Most people know this feeling. After sleeping poorly, it becomes harder to stay focused. Thinking seems slower, your mind drifts and easy tasks require more effort than normal. MIT researchers have discovered what happens in the brain during these attention lapses. Their research reveals that when focus drops, cerebrospinal fluid briefly leaves the brain. This usually happens during sleep & helps remove waste that accumulates throughout the day. Scientists think this cleaning process is vital for maintaining brain health and proper function. When someone lacks sufficient sleep, the body seems to activate this fluid movement during waking hours. This might help make up for missed rest but it has a significant drawback. Attention decreases noticeably during these episodes. Laura Lewis explains that without adequate sleep, CSF waves begin appearing during wakefulness when they normally would not occur. These waves bring an attention cost, causing focus to fail when the fluid flows through the brain. Lewis holds the position of Athinoula A. Martinos Associate Professor of Electrical Engineering & Computer Science. She belongs to MIT’s Institute for Medical Engineering and Science and the Research Laboratory of Electronics. She also serves as an associate member of the Picower Institute for Learning and Memory. Lewis leads the study as senior author. The research appeared recently in Nature Neuroscience. MIT postdoctoral associate Zinong Yang wrote the paper as lead author.
The Role of Sleep in Clearing Waste From the Brain
The Impact of Sleep Deprivation on Brain Function Sleep is a basic biological need, yet scientists are still working to fully understand why it is so critical. What is well established is that sleep supports alertness and mental performance. When sleep is cut short attention and other cognitive abilities suffer. One key role of sleep involves cerebrospinal fluid, which surrounds and protects the brain. During sleep, CSF helps remove waste that accumulates during waking hours. In a 2019 study Lewis & her colleagues showed that this fluid moves in a regular rhythm during sleep and that the movement is closely tied to changes in brain wave activity. That earlier research raised an important question about what happens to this system when sleep is disrupted. To investigate, the team recruited 26 volunteers who were tested twice. Each participant underwent testing once following a night of sleep deprivation in the lab and once when they were well-rested. The researchers wanted to see how lack of sleep affected the brain’s natural cleaning process.
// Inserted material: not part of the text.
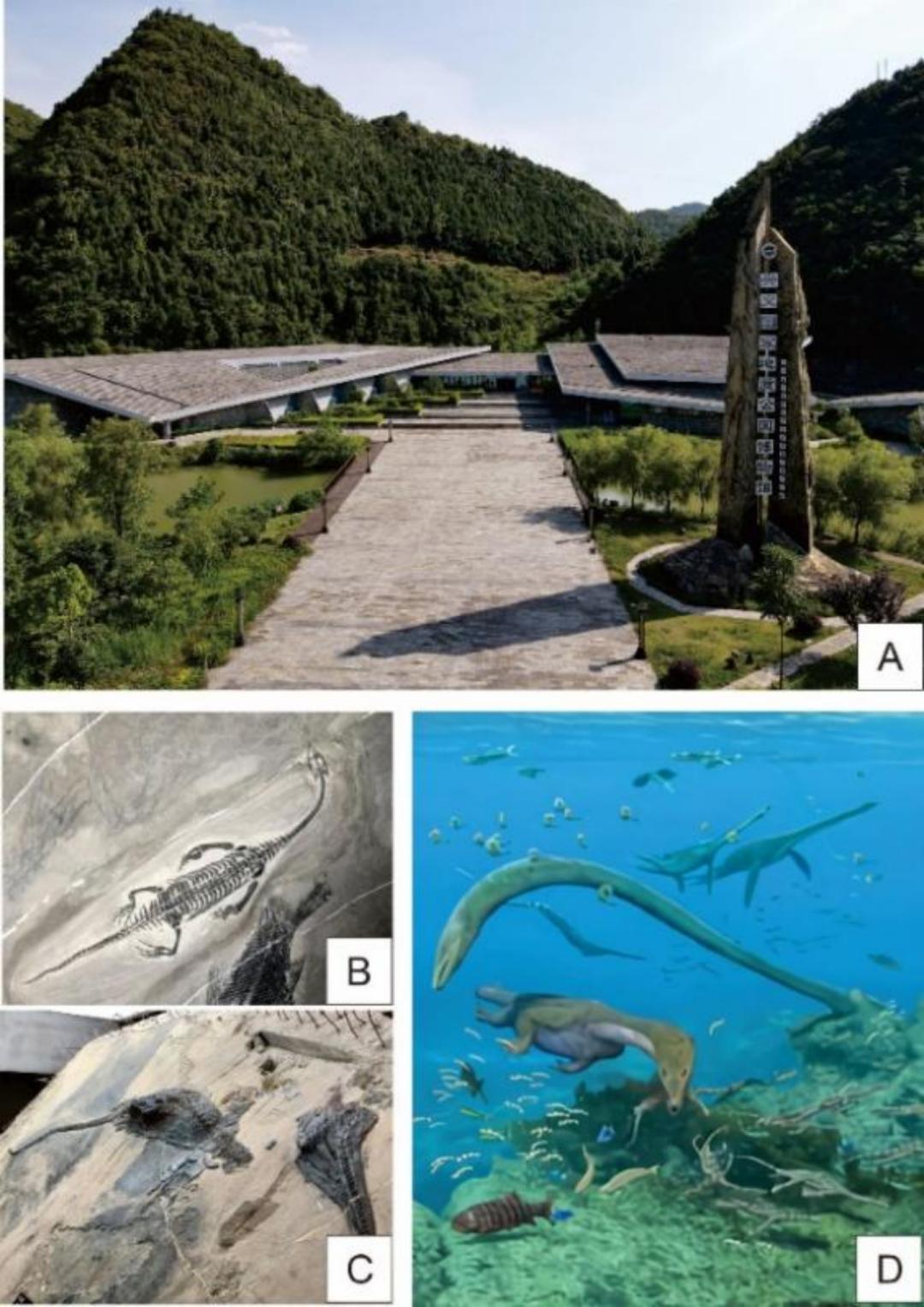 兴义国家地质公园博物馆及兴义生物群 A博物馆外景 B贵州龙化石 C贵州鱼龙 D兴义生物群复原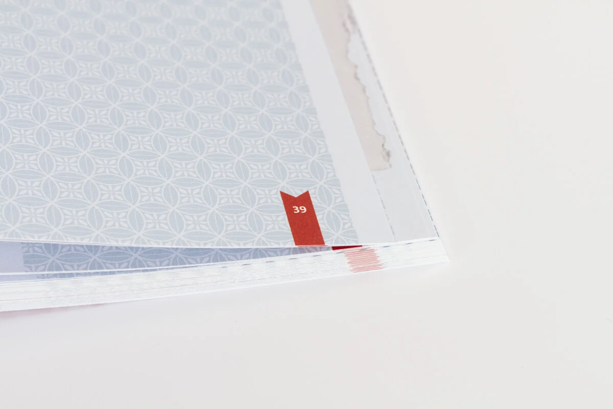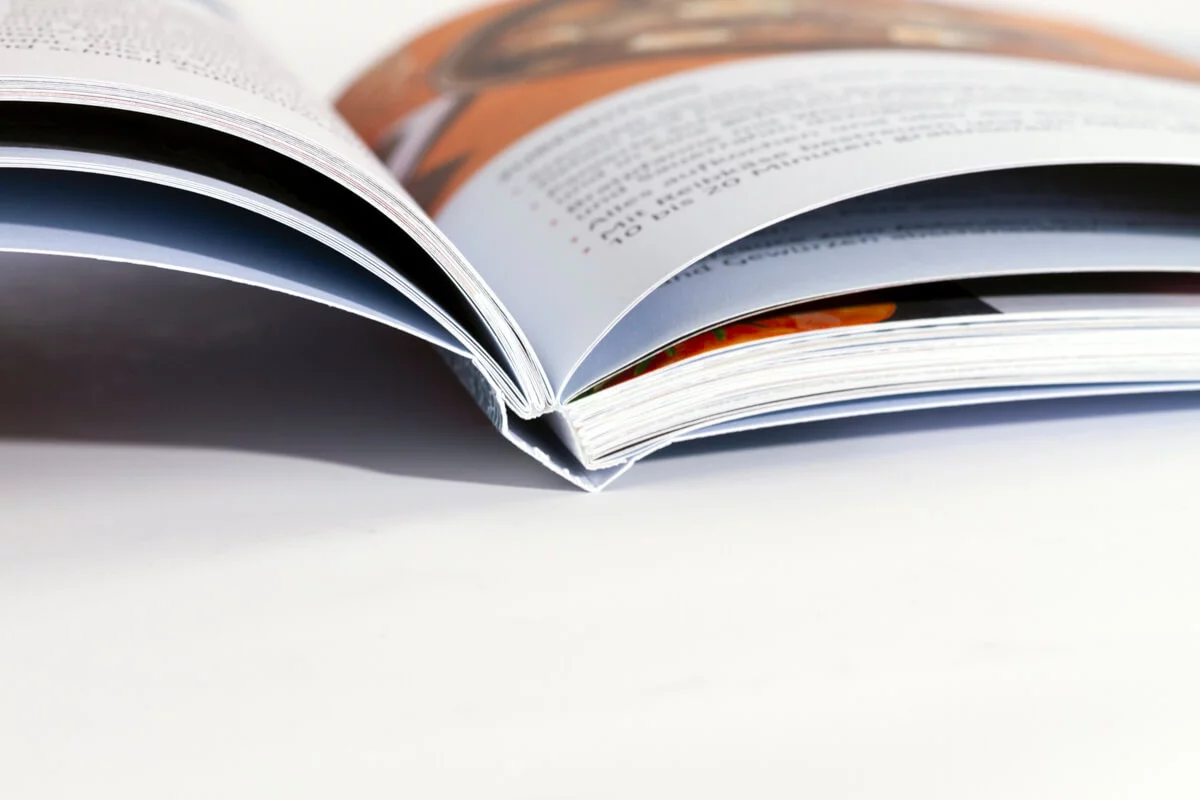 Buch mit Softcoverdeckel und Fadenheftung Gutes Aufschlageverhalten dank Freirücken

How Researchers Measure Brain Activity and Focus
The morning after each session participants completed a standard task commonly used to measure the effects of sleep loss. While they worked through the task researchers monitored multiple signals from both the brain and the body. Each participant wore an electroencephalogram cap to track brain waves while lying inside a functional magnetic resonance imaging scanner. The researchers used a specialized form of fMRI that could measure not only blood oxygen levels in the brain but also the movement of CSF in and out of it. Heart rate and breathing rate and pupil size were also recorded. Participants completed two attention tests during the scan with one based on vision and the other on sound. In the visual test they watched a fixed cross on a screen that occasionally changed into a square and pressed a button when they noticed the change. In the auditory test the visual cue was replaced with a sound. As expected participants who were sleep-deprived performed significantly worse than when they were well-rested. Their responses were slower and in some cases they failed to detect the signal altogether.
Why Brain Fluid Spikes When Attention Drops
When attention briefly failed the researchers observed several physical changes happening at the same time. Most notably CSF flowed out of the brain during these lapses and returned once attention recovered. The results suggest that at the moment attention fails this fluid is actually being expelled outward away from the brain. When attention recovers it is drawn back in according to Lewis. The researchers believe this pattern reflects the brain attempting to make up for missed sleep. By activating a process normally reserved for rest the brain may be trying to restore itself even though this comes at the expense of focus. One way to think about those events is because your brain is so in need of sleep it tries its best to enter into a sleep-like state to restore some cognitive functions according to Yang. Your brain’s fluid system is trying to restore function by pushing the brain to iterate between high-attention and high-flow states.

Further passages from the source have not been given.